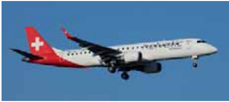
Embraer 190 von Helvetic Airways.

Nonstop mit dem Flugzeug von Bern nach Vorderasien!
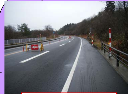
雪が降る前の封鎖状況
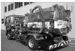
パワフルマスター (強力吸引車)
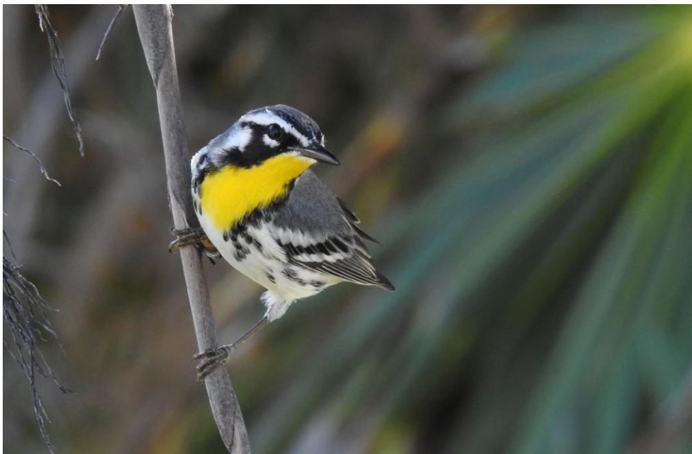
Yellow-throated Warbler. Tulum. Foto: Göran Pettersson
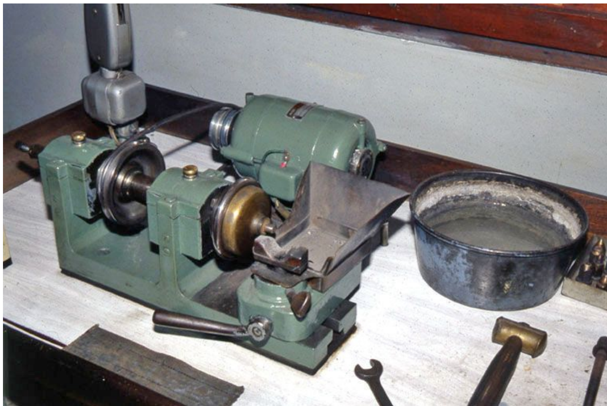
Machine à débruter.
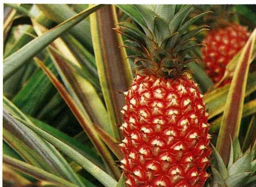
■色澤鮮紅，瞄準新新人類市場的台東紅鳳梨。

還 記得鳳梨的代名詞「旺來」嗎？鳳梨除了主要供給人們食用外，也是拜拜應景的水果，以往農民供應市場的拜拜鳳梨多是留鳳梨尾，還未長大可食的鳳梨，時至21世紀的今天，連專為拜拜用的鳳梨品種也被農友開發出來了。
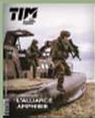
Terre Info Magazine
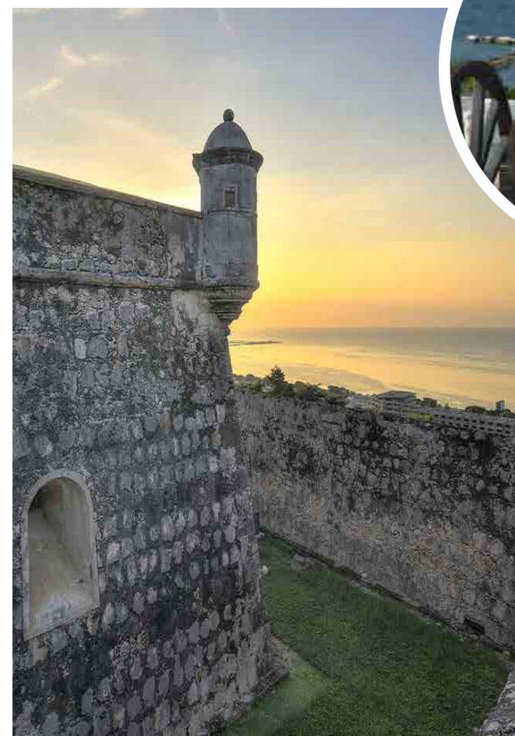
CIUDAD AMURALLADA DE CAMPECHE
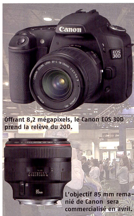
Offrant 8,2 mégapixels, le Canon EOS 30D prend la relève du 20D.

teur d'image pour le système 4/3. Mis au point en collaboration avec Panasonic, il a été présenté lors d'une conférence de presse en combinaison avec le Lumix DMC-L1. Ce nouveau reflex numérique à objectifs interchangeables constitue une tentative de Panasonic de percer sur le marché lucratif des D-SLR. Pour plus de détails, reportez-vous à la page 11. Leica a par ailleurs signalé qu'il faudra attendre l'été pour en savoir plus sur le nouveau boîtier à viseur numérique dont un prototype sera probablement présenté à la Photokina.
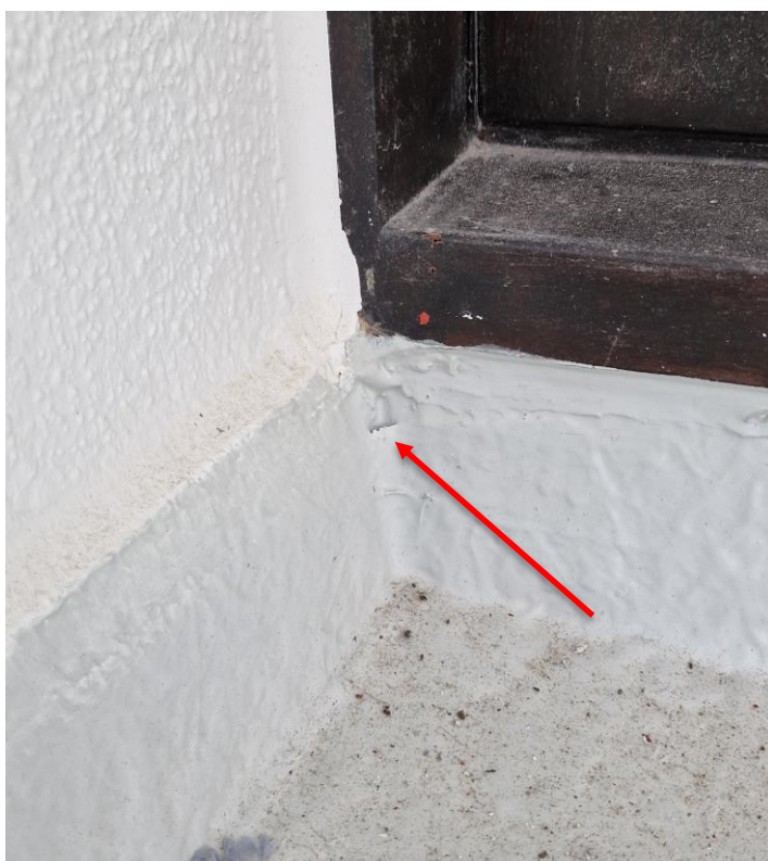
Nazicht (alle verdiepingen) waterdichting voor de volgende fase uit te voeren!

Eerder gemaakte opmerkingen door de aannemer te bevestigen dat ze uitgevoerd of aangepast werden.
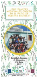
Fig. 8: Portada del tríptico diseñado en la escuela J. Peyrano de El Diquecito, que recopila información etnomédica local de las 11 especies de uso más frecuente en el entorno escolar, 7 de ellas nativas y 4 cultivadas (Diseño: Alma Prosdocimo)
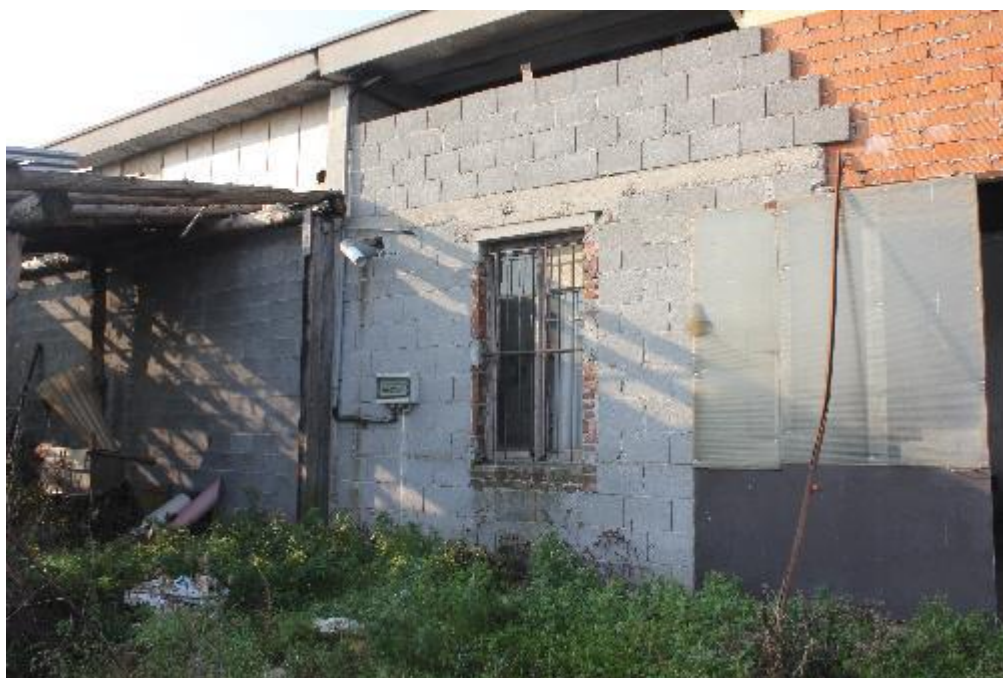
FOTO 14: VANZAGHELLO (MI), VIA DEI MULINI 99, Edificio al Foglio 9, mapp. 568 (CORPO D)
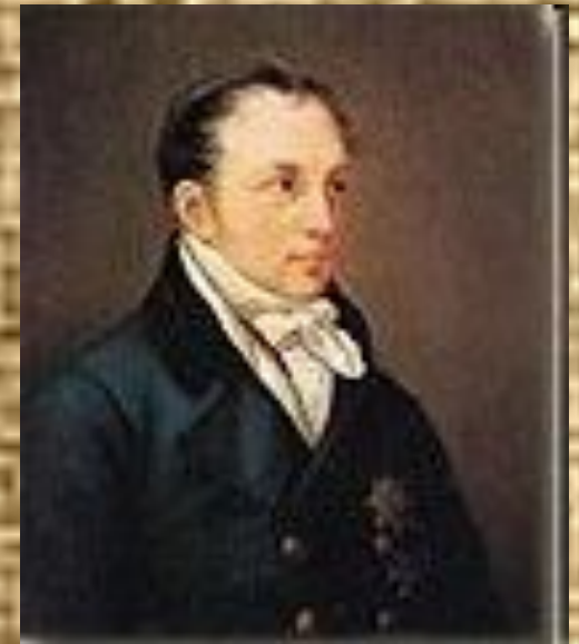
Егор Антонович Энгельгардт. С марта 1816 — директор Лицея.

И первую полней, друзья, полней! И всю до дна в честь нашего союза! Благослови, ликующая муза, Благослови: да здравствует лицей! Наставникам, хранившим юность нашу, Всем честью, и мертвым и живым, К устам подъяв признательную чашу, Не помня зла, за благо воздадим.
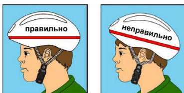
носите шлем на голове «под прямым углом»

Дети младшего возраста, попав в транспортный поток или проезжая перекрёсток, могут растеряться, потерять управление и попасть под колёса идущего рядом автомобиля. К тому же, большинство юных участников дорожного движения недостаточно хорошо знают ПДД, поэтому указанное ограничение возраста выбрано не случайно.

□ □ □ □ □

--- Your objective ---
Nothing but the lines above from the one that has "還 記得鳳梨的代名詞「旺來」" down to the one that has "Eerder gemaakte opmerkingen" belongs in the answer, copied exactly, without pictures.

--- Response for this exercise ---
還 記得鳳梨的代名詞「旺來」嗎？鳳梨除了主要供給人們食用外，也是拜拜應景的水果，以往農民供應市場的拜拜鳳梨多是留鳳梨尾，還未長大可食的鳳梨，時至21世紀的今天，連專為拜拜用的鳳梨品種也被農友開發出來了。
Terre Info Magazine
CIUDAD AMURALLADA DE CAMPECHE
Offrant 8,2 mégapixels, le Canon EOS 30D prend la relève du 20D.

teur d'image pour le système 4/3. Mis au point en collaboration avec Panasonic, il a été présenté lors d'une conférence de presse en combinaison avec le Lumix DMC-L1. Ce nouveau reflex numérique à objectifs interchangeables constitue une tentative de Panasonic de percer sur le marché lucratif des D-SLR. Pour plus de détails, reportez-vous à la page 11. Leica a par ailleurs signalé qu'il faudra attendre l'été pour en savoir plus sur le nouveau boîtier à viseur numérique dont un prototype sera probablement présenté à la Photokina.
Nazicht (alle verdiepingen) waterdichting voor de volgende fase uit te voeren!

Eerder gemaakte opmerkingen door de aannemer te bevestigen dat ze uitgevoerd of aangepast werden.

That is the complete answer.